帆情淺愛 第一章 誰道情淺 3

作者 ︰

手機鈴聲在街上突兀地響起,林淺看著屏幕上的來電顯示,無奈地又嘆了口氣,按下了接听鍵,「mark,我想在巴黎我已經和你講得很清楚了,我要回國創業,從此你走你的陽光路我過我的獨木橋,你怎麼還是不死心呢?」

「keeyln,今日巴黎沒有陽光。」對話那頭是一個低沉的聲音,說著拗口的中文,和老外談戀愛最大的壞處便是文化不溝通,這簡單的名句他都听不懂,真不知當時是怎麼會答應這個老外的求愛的。

林淺撫了撫額頭,用英文對對方說,「mark,我們已經不是小孩了,你條件這麼好一定會有比我更好的人選,我就不跟你多說了,拜。」

「keelyn,其實我今天不是要和你說這些的。」

林淺心里石頭一落,「那你還有什麼事?」

俗話說得好,好奇心病死貓,她真不應該在去問這個問題,她應該把電話給掛了,才不會惹了一身臊。

熙熙攘攘的機場等候大廳,有的人臉上是依依不舍,有的人臉上滿是期待,有人的臉卻黑得可以做鍋,林淺就是這個後者。

從剛剛听到mark居然也跟著她來中國創業她的心情便墜入低谷,這人可真是比牛皮糖還要黏人。

「keelyn。」mark熱情地給她一個擁抱,身上是淡淡的清香,雖說和這人分手後對這人的死纏爛打之舉沒有好印象,但這人的確長得人模狗樣的。

如大海般湛藍的眼楮,永遠清澈如許,西方人士輪廓分明的臉龐,和微厚的唇瓣,永遠是一副大男孩的樣子,不過林淺覺得他這人做朋友不錯,和她做男女朋友就實在不合適了。

「你怎麼不先說一聲就來中國了。」

mark勾唇一笑。「我想給你個驚喜。」

的確夠驚人的,「你有訂酒店嗎?」。

「你們不是有個詞叫什麼,做什麼來著?」

看他張著大嘴巴糾結的樣子,林淺替他回答,「做東。」

「對,就是做東。」mark扒了扒頭發,「為什麼不做西,偏要做東呢,你們中國真有趣。」

林淺滿臉黑線,真不知道和這人談戀愛的時候是怎麼過來的。

「你就這麼飛過來alan沒有意見。」

「alan?」他聳了聳肩,「alan不是已經對我做的事沒有一點意見了嗎?」。

看著他真誠的笑容,林淺真的不忍心跟他說是因為alan已經對他無話可說了。

在中國還沒有一點收入她就得忍痛掏錢包給前男友訂酒店,傳出去還不得被人笑死,可是誰讓她心腸好呢,總不能放著自己的同門師兄在本國流浪不管吧。

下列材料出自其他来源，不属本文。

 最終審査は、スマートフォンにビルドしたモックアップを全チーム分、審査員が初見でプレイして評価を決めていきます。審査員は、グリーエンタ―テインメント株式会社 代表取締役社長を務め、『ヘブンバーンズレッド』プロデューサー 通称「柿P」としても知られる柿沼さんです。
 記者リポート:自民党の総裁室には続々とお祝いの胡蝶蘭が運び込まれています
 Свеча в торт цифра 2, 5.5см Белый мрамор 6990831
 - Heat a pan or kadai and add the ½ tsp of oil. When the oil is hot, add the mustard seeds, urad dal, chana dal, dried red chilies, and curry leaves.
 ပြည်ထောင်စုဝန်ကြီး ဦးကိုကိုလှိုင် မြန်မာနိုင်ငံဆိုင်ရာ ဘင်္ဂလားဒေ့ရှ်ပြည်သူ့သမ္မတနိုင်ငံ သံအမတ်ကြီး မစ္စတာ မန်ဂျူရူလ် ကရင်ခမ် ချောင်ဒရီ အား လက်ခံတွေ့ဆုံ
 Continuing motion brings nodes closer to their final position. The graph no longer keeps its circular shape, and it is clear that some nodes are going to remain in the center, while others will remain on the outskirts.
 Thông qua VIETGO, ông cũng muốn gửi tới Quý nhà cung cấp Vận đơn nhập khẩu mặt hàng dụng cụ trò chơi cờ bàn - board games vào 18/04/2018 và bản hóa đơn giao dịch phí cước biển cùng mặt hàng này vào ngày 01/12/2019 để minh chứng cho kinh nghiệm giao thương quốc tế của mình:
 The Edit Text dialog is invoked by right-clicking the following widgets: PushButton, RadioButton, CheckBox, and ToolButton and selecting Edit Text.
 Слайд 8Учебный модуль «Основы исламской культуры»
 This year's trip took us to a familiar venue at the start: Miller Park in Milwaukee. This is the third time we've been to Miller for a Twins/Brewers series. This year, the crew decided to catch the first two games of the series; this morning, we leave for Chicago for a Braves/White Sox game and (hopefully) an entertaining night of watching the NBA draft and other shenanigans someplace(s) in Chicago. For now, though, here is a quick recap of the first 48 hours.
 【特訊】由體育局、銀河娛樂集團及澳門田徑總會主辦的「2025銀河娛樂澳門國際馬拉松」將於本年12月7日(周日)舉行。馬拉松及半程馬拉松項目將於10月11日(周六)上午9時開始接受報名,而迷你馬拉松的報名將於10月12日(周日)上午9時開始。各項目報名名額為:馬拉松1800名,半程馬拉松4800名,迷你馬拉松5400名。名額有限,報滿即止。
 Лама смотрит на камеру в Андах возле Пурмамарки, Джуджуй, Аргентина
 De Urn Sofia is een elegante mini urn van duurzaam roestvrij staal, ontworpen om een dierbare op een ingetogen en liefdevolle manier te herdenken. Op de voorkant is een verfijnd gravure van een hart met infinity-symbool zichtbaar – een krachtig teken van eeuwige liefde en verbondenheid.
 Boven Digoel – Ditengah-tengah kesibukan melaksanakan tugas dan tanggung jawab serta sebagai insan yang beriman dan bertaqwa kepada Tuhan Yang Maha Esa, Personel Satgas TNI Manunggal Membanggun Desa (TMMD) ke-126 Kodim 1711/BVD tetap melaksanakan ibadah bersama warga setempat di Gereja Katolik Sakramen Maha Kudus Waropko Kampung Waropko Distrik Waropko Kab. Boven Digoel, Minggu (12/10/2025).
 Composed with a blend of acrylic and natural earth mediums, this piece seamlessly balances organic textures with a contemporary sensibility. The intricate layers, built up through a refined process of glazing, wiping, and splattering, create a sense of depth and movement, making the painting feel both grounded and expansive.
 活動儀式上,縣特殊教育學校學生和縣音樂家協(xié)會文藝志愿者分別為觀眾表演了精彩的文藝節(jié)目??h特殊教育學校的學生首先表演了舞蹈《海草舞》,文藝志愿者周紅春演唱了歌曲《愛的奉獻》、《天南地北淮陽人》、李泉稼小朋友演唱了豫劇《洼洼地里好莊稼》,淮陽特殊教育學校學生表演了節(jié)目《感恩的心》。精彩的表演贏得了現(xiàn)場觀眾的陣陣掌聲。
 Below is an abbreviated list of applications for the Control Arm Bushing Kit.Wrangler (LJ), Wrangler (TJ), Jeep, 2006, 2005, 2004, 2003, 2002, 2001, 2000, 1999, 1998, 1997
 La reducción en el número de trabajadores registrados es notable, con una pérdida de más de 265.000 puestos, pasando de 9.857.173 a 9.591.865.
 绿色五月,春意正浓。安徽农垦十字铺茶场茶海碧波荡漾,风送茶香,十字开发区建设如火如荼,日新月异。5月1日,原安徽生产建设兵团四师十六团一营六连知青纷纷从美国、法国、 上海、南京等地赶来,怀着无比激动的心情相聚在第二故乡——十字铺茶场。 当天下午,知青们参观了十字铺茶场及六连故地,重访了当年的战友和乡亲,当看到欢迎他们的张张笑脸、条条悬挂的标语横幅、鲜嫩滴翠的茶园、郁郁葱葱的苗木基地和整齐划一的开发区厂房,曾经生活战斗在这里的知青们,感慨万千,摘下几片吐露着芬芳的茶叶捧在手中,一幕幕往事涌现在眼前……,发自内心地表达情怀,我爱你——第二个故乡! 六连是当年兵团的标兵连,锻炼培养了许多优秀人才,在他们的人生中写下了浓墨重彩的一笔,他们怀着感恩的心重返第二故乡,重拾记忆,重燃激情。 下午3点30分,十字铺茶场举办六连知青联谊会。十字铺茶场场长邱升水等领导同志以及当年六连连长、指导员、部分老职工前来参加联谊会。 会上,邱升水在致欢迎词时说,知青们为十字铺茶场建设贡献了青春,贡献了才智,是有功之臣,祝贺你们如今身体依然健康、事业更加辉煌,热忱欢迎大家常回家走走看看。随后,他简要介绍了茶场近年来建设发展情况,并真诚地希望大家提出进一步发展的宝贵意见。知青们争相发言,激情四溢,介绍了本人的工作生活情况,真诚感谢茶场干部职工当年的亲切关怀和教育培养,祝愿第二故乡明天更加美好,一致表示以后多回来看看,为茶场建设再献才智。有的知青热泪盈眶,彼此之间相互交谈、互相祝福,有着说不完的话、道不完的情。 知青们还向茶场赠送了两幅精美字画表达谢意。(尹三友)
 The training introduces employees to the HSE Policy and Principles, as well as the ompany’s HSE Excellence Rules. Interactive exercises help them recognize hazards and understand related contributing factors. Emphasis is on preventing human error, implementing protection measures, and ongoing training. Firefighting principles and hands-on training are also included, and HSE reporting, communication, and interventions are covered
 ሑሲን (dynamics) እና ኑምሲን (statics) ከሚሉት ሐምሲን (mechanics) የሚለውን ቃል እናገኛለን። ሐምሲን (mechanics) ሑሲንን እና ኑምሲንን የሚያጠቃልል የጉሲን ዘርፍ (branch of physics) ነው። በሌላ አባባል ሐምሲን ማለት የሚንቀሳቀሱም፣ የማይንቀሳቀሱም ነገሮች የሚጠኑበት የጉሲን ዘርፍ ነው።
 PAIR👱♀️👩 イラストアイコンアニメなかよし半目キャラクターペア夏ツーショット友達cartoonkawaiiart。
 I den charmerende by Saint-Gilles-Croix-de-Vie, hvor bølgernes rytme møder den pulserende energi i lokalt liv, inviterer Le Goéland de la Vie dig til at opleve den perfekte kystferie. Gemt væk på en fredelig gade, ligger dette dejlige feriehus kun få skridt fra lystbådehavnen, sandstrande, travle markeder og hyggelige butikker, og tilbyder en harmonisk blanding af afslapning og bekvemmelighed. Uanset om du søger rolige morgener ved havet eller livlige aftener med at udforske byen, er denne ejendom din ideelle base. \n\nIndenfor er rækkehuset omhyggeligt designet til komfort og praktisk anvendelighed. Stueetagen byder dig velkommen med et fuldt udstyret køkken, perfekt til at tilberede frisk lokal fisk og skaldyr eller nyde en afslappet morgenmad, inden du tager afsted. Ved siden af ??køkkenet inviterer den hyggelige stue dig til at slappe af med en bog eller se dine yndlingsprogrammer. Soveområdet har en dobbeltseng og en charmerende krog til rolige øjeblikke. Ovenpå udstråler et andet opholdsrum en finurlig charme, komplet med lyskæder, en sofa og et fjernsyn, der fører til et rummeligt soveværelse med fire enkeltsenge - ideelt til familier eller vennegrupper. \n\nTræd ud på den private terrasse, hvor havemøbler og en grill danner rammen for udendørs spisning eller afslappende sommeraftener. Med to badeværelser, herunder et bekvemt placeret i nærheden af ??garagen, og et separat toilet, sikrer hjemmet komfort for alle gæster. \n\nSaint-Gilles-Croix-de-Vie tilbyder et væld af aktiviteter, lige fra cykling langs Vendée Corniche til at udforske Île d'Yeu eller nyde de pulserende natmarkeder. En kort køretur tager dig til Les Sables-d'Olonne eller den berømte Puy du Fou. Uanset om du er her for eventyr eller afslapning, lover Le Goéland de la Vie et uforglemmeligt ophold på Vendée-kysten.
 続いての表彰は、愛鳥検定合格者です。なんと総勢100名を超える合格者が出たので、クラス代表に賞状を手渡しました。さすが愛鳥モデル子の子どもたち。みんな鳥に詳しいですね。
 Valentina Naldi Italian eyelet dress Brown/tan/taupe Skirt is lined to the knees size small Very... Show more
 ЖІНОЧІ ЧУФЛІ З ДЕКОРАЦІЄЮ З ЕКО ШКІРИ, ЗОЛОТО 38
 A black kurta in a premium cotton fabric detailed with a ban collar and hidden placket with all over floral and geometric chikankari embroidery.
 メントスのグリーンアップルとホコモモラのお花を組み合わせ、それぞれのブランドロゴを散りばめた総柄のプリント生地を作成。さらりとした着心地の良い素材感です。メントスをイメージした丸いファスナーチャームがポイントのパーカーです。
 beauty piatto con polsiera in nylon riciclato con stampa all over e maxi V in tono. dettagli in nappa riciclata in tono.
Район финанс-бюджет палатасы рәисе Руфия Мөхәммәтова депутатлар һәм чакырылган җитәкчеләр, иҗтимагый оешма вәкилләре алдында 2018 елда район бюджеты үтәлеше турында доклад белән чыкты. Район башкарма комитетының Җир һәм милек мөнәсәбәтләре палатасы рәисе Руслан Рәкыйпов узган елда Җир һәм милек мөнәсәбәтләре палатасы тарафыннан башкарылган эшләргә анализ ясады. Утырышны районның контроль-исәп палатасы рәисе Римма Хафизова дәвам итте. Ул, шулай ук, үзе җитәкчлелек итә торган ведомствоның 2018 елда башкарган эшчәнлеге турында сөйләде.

「keelyn,我還沒去過你家呢,不如就今日帶我去吧。」

林淺苦澀一笑,家?

以前有母親在時尚且沒有一個完整的家,更何況如今獨留她一人她這世上呢?

「我在我小叔家住。」

mark眨了眨眼楮,「小叔?就是你經常提起的那個人?」

林淺干咳了聲,橫了他一眼「我什麼時候提他了。」她怎麼不記得了。

「你忘了,你……」

「好好好,怕你了行吧,帶你去。」

作為一個英國紳士,mark除了有一點小白之外,修養是很好的,到了孟千帆家,他便規規矩矩地做沙發上翻起了林淺剛買的時尚雜志。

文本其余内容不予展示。